### The problem
Quote the records exactly, starting at the first line and stopping after the line with "Desta forma, o"; skip the pictures.

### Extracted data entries
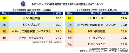 『子ども英語教室 幼児』『子ども英語教室 小学生』総合ランキング(2026年 オリコン顧客満足度(R)調査)
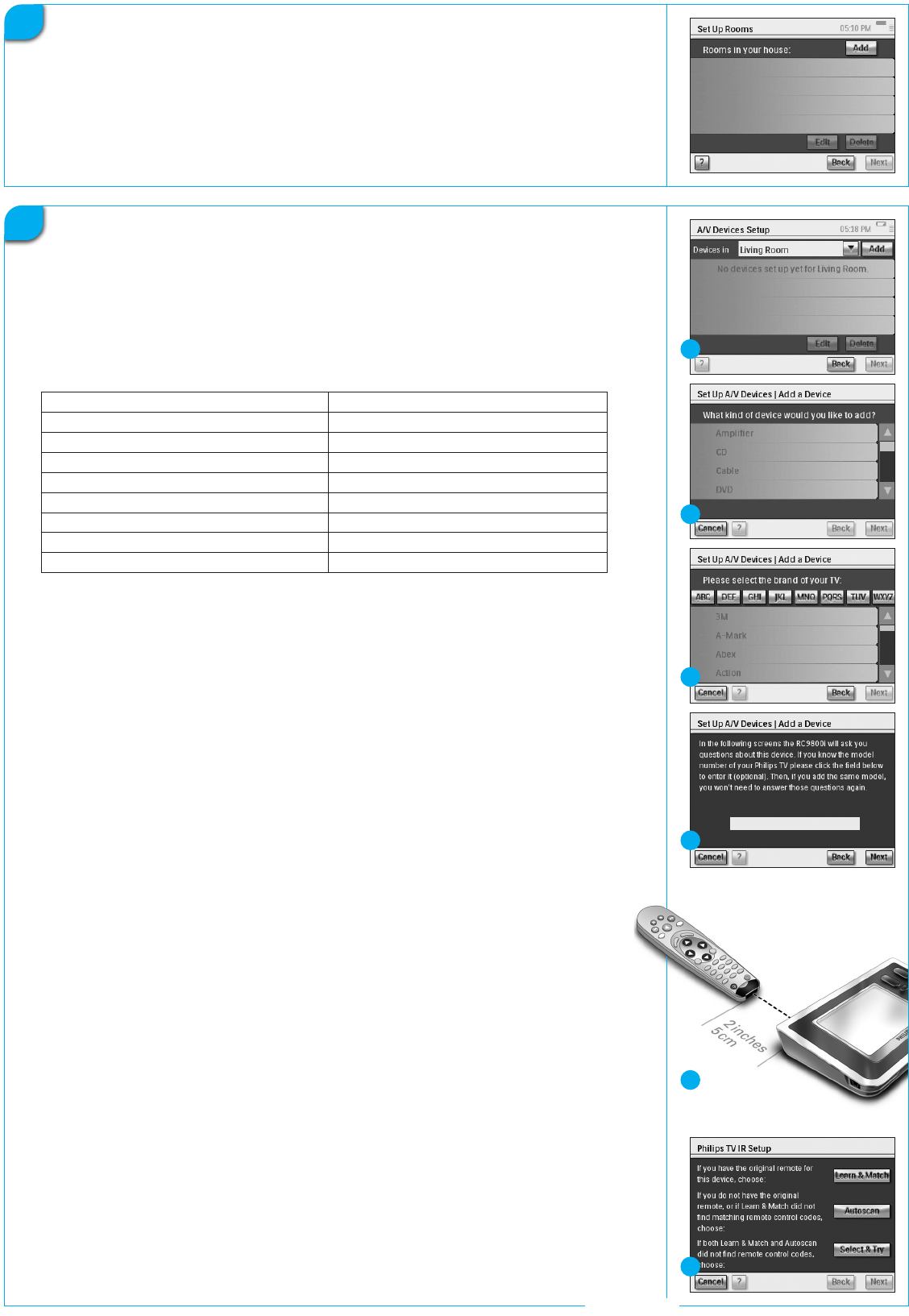Desta forma, o RC9800i irá copiar automaticamente todas as características relevantes do dispositivo quando
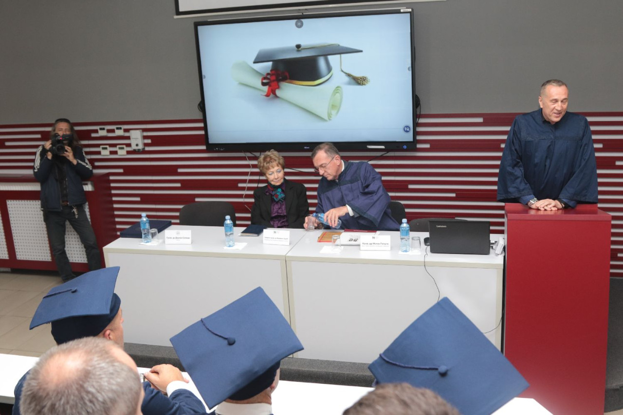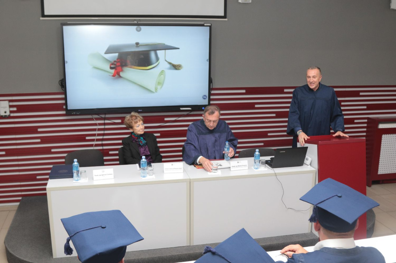 Sve prisutne pozdravili su prof. dr Marijana Carić, predsednica Saveta univerziteta, rektor Univerziteta Privredna akademija u Novom Sadu, prof. dr Dragan Soleša i prof. dr Milan Počuča, prorektor za nauku Univerziteta Privredna akademija i dekan Pravnog fakulteta za privredu i pravosuđe u Novom Sadu. Svakog kandidata, kao i naučne doprinose disertacija, predstavili su njihovi mentori. Nakon predstavljanja rektor Univerziteta, prof. dr Dragan Soleša, svečano je uručio diplome i promovisao kandidate u doktore nauka.
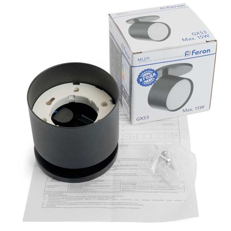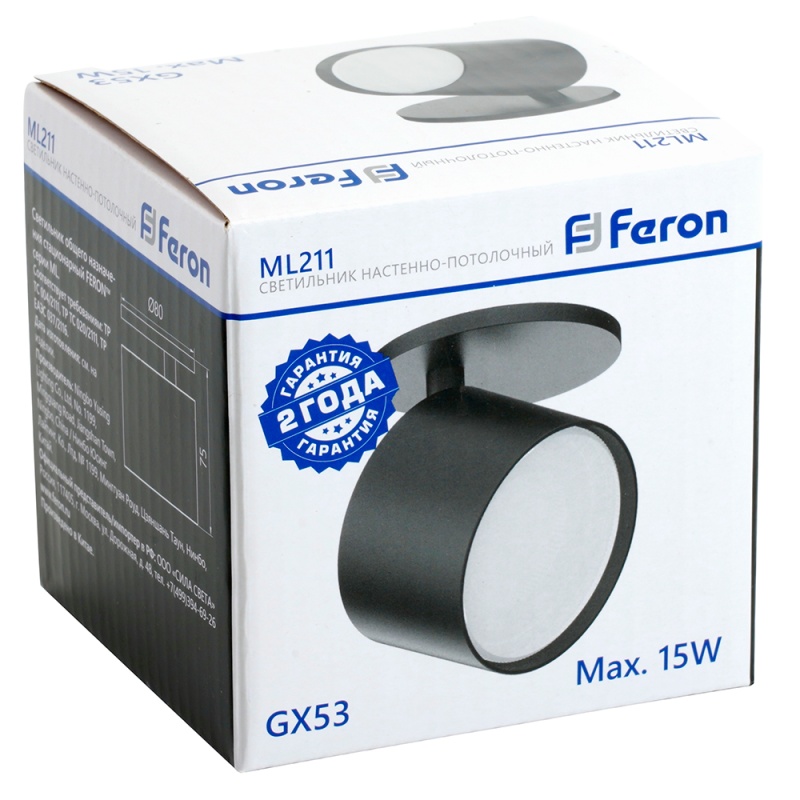 Характеристики Светильник Feron ML211 настенно-потолочный под лампу GX53, черный
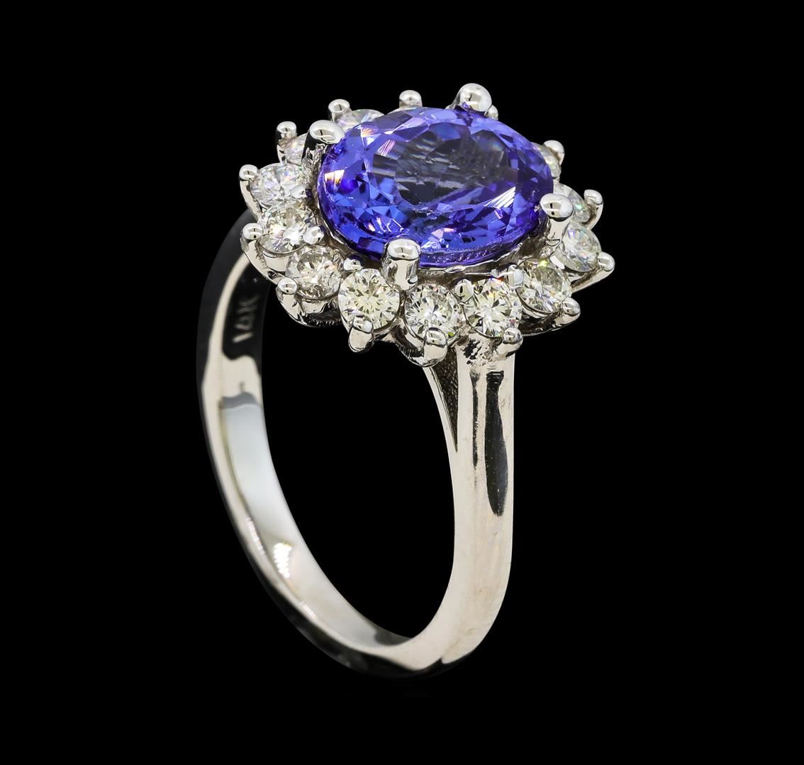 One electronically tested 14KT white gold lady's cast fashion ring with a basket halo with a bright polish finish. The featured lady's ring has a shank measuring 2.20 millimeters wide. Identified with markings of '14K'. Condition is new, good workmanship. Containing: One prong set oval modified brilliant cut natural tanzanite, measuring 10.00 x 7.88 x 5.05mm, (depth est.) 8%. bulge factor, approximate weight of 3.02ct., clarity is eye clean, medium light, moderately strong, violetish blue color, (GIA vB 4/4), cut is good. Transmitting light with no distortion, transparent. Colored gemstones are presumed to have been subjected to commonly used enhancement processes. Graded in the setting. Fourteen prong set round brilliant cut diamonds, measuring 2.50 - 2.40 x 1.47mm (depth est.) approximate total weight of 14 Stones = 0.75ct. Graded in the setting. Clarity SI-1 to I-1. Color: G - I Cut Good. Total Weight of Colored Stones 3.02ct.. Total Weight of Diamonds 0.75ct.. Total Weight of Ring 5.50gm. GAS Appraised at $5,940.00.

### Answer to the problem
 『子ども英語教室 幼児』『子ども英語教室 小学生』総合ランキング(2026年 オリコン顧客満足度(R)調査)
Desta forma, o RC9800i irá copiar automaticamente todas as características relevantes do dispositivo quando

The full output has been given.